Is your blog Reader-Centric? Yuk, I know, horrible buzz word, but stay with me!
What I am asking is important to your blog success; how well do you cater for your reader when working on your blog?
In the programming world people talk about “user centric” where the users needs are elevated and in customer service people like to think of their systems and procedures as being “customer centric” where the needs of customers come first. It’s all about prioritizing the end user, the person who you wanted to attract and serve in the first place.
We might think we are being reader centric with our blogs, but there are tensions and motivations in blogging that pull us away from this goal.
Of course there are many types of blog. My personal blog is written with no audience goals, no monetization goals, no agenda. It just is what it is. As Lorelle says, some people build blogs for their own needs.
Most of us though are looking to attract and entertain, inform or communicate with an audience. This means the audience has to be priority number one. What might get in the way of this?

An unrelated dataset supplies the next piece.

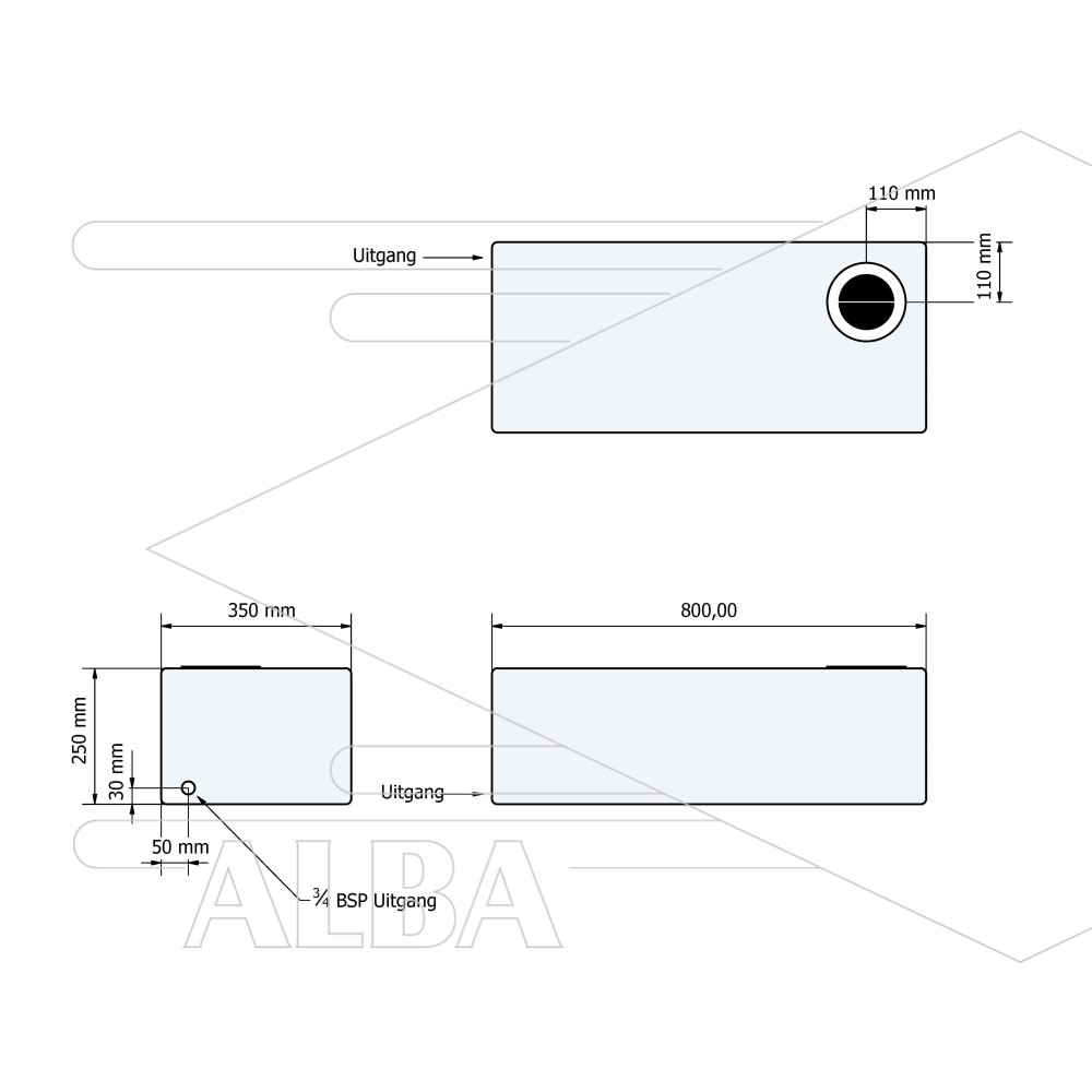 Watertank Horizontaal met schot - 250 Liter

- Money – You may have seen the many complaints about the loud audio, distracting animations and effects, and general in-your-faceness of the advertising at Digg? It got to the point where Kevin Rose had to step in and pledge to sort it out. If a site of the scale of Digg can have a member revolt over advertising, you can be sure a blog is not going to survive anti-reader advertising. Rip-off affiliate links and insincere reviews are also a real danger.

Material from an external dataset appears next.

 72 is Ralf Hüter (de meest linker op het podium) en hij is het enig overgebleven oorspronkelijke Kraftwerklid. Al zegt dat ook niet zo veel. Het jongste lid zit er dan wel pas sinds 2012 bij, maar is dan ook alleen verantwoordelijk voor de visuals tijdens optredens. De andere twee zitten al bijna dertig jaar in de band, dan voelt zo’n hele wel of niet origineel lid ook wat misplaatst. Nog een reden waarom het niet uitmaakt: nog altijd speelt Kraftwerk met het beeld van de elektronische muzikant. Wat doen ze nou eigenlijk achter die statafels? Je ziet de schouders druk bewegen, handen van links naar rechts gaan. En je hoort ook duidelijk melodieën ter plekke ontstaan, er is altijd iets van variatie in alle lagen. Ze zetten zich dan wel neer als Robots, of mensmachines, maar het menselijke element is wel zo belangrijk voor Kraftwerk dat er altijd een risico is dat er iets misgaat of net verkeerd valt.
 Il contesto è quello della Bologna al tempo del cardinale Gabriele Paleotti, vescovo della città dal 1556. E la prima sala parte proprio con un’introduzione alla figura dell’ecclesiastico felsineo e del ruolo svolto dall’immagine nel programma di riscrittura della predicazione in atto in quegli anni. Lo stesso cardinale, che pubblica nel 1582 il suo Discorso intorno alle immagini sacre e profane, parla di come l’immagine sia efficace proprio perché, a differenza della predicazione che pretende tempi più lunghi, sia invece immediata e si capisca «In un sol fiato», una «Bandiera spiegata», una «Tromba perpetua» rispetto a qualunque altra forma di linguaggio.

- Ego – When it is all me-me-me rather than focused on what readers need, want, enjoy, then you have slipped away from what attracted your readers in the first place. It’s simple, give them what they want
- Promotion – Are those link-swaps in your blogroll helping your reader? Did that linkbait attract abusive comments along with the spike in traffic? Will that headline mislead people into clicking? Do you really need those sexy avatar pictures? It sometimes amazes me what people will do to attract new visitors without a concern for their existing subscribers.
- Widgets – Some bloggers are like magpies – ooh, shiny! Yes, by all means experiment with the latest doodad, but do not fill your blog with them to the detriment of your content.

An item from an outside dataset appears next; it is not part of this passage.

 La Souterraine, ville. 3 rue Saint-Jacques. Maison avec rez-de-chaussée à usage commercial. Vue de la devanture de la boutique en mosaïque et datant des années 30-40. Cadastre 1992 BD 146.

There are probably many more distractions that you can think of. The fact is most blogs are started with a goal in mind, to make money, market a business, personal branding, etc. Our initial motivation might not be to “attract and appeal to an audience”, that challenge is often just the means to an end. Without working for our audience though we will never achieve what we set out to do.
Before you reap any rewards, with blogging you have to serve your audience. That means putting readers first.